SUPPLIED RECORDS section start

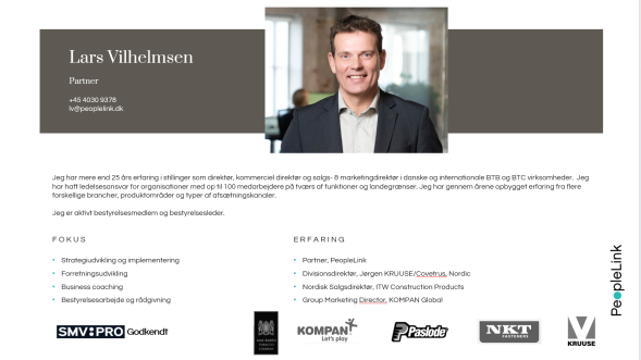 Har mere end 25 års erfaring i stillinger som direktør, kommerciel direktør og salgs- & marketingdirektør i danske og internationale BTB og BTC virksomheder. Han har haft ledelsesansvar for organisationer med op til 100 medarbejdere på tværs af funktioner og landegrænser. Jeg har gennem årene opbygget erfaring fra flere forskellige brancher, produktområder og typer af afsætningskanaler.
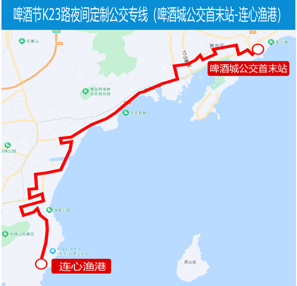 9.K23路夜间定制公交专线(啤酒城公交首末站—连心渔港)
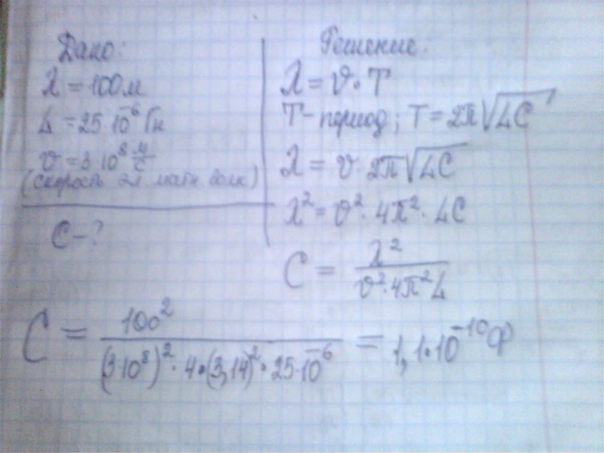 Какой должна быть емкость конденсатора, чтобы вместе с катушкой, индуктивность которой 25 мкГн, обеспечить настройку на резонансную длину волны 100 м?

SUPPLIED RECORDS section end
SUPPLIED RECORDS section start

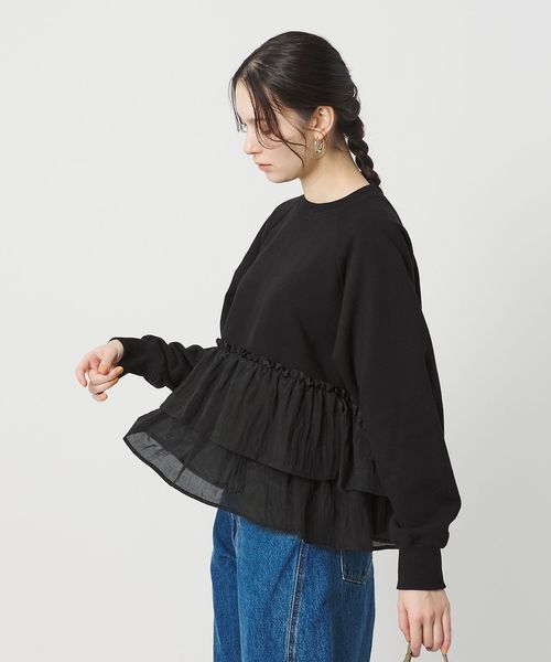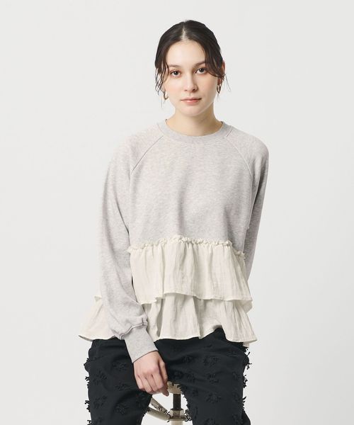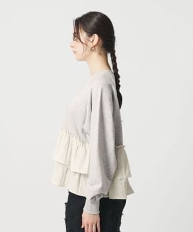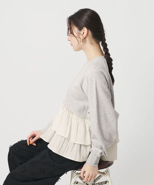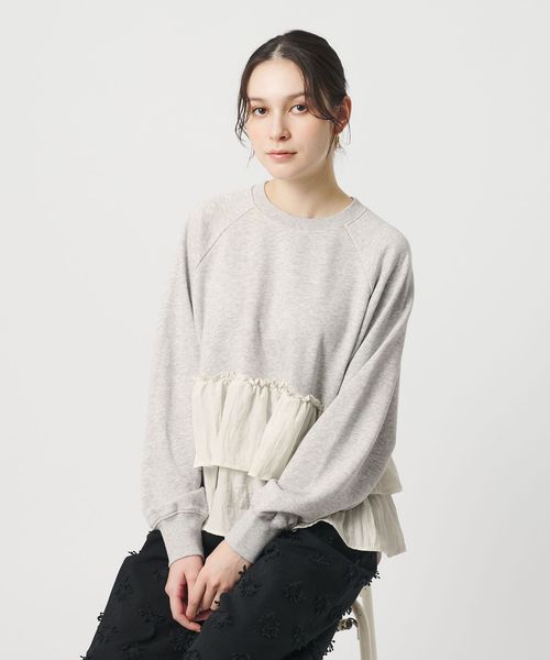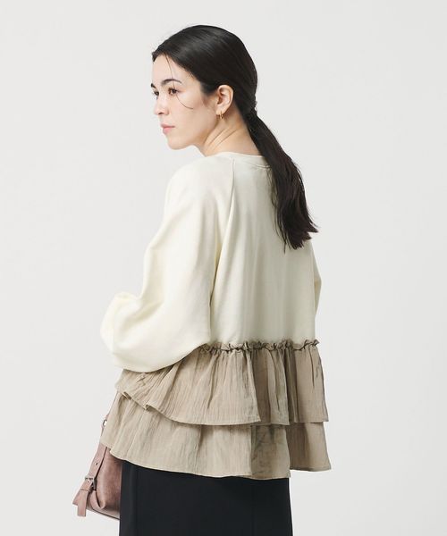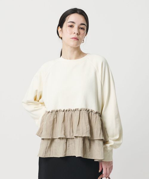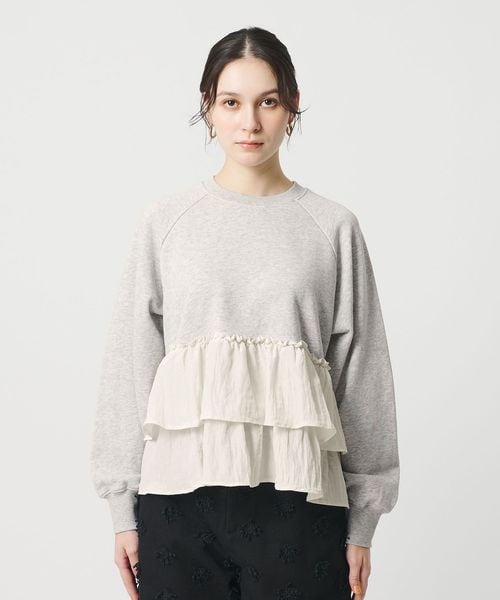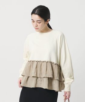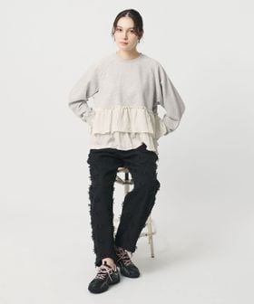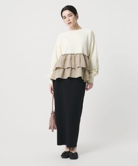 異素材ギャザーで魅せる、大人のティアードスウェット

SUPPLIED RECORDS section end

> [TASK DESCRIPTION]:
When you reach the line with "Har mere end" in the records above, begin repeating the lines exactly, and stop after the line with "Какой должна быть". Skip all pictures.

> [OUTPUT FOR THIS TASK]:
 Har mere end 25 års erfaring i stillinger som direktør, kommerciel direktør og salgs- & marketingdirektør i danske og internationale BTB og BTC virksomheder. Han har haft ledelsesansvar for organisationer med op til 100 medarbejdere på tværs af funktioner og landegrænser. Jeg har gennem årene opbygget erfaring fra flere forskellige brancher, produktområder og typer af afsætningskanaler.
 9.K23路夜间定制公交专线(啤酒城公交首末站—连心渔港)
 Какой должна быть емкость конденсатора, чтобы вместе с катушкой, индуктивность которой 25 мкГн, обеспечить настройку на резонансную длину волны 100 м?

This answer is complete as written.